* [RECORDS FOR THE EXERCISE]

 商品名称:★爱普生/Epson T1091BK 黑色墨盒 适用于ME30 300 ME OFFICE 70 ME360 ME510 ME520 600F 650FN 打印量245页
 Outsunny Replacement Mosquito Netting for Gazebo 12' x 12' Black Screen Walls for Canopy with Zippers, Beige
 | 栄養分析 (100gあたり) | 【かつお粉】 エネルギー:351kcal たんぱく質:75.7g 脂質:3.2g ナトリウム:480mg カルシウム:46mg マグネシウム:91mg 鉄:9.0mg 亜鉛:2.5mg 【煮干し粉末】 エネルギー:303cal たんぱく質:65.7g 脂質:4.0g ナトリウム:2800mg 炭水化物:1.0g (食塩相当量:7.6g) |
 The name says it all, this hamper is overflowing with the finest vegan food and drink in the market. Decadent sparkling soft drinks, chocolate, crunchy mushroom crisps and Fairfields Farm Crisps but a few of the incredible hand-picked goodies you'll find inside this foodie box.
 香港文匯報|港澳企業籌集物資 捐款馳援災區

---

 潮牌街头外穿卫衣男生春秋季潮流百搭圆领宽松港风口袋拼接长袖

...

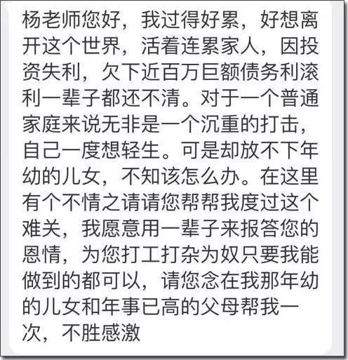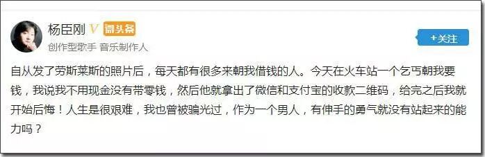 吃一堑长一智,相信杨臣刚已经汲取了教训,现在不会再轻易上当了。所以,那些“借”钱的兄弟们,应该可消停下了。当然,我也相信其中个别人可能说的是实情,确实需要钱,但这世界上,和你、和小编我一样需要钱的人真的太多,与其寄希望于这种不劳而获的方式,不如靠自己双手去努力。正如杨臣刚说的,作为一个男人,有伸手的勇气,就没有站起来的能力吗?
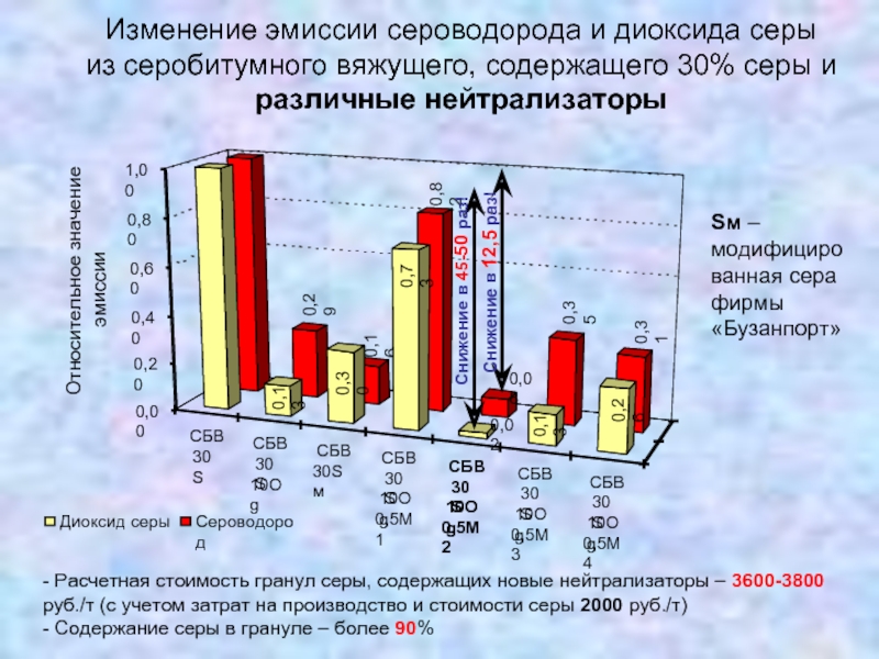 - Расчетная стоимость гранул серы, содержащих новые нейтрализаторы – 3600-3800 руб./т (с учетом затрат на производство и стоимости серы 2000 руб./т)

* [ABOUT THIS TASK] Your answer should be the exact lines above from the one with "Outsunny Replacement Mosquito" through the one with "炭水化物:1.0g (食塩相当量:7.6g) |", both included, and nothing besides.

* [REPLY]
 Outsunny Replacement Mosquito Netting for Gazebo 12' x 12' Black Screen Walls for Canopy with Zippers, Beige
 | 栄養分析 (100gあたり) | 【かつお粉】 エネルギー:351kcal たんぱく質:75.7g 脂質:3.2g ナトリウム:480mg カルシウム:46mg マグネシウム:91mg 鉄:9.0mg 亜鉛:2.5mg 【煮干し粉末】 エネルギー:303cal たんぱく質:65.7g 脂質:4.0g ナトリウム:2800mg 炭水化物:1.0g (食塩相当量:7.6g) |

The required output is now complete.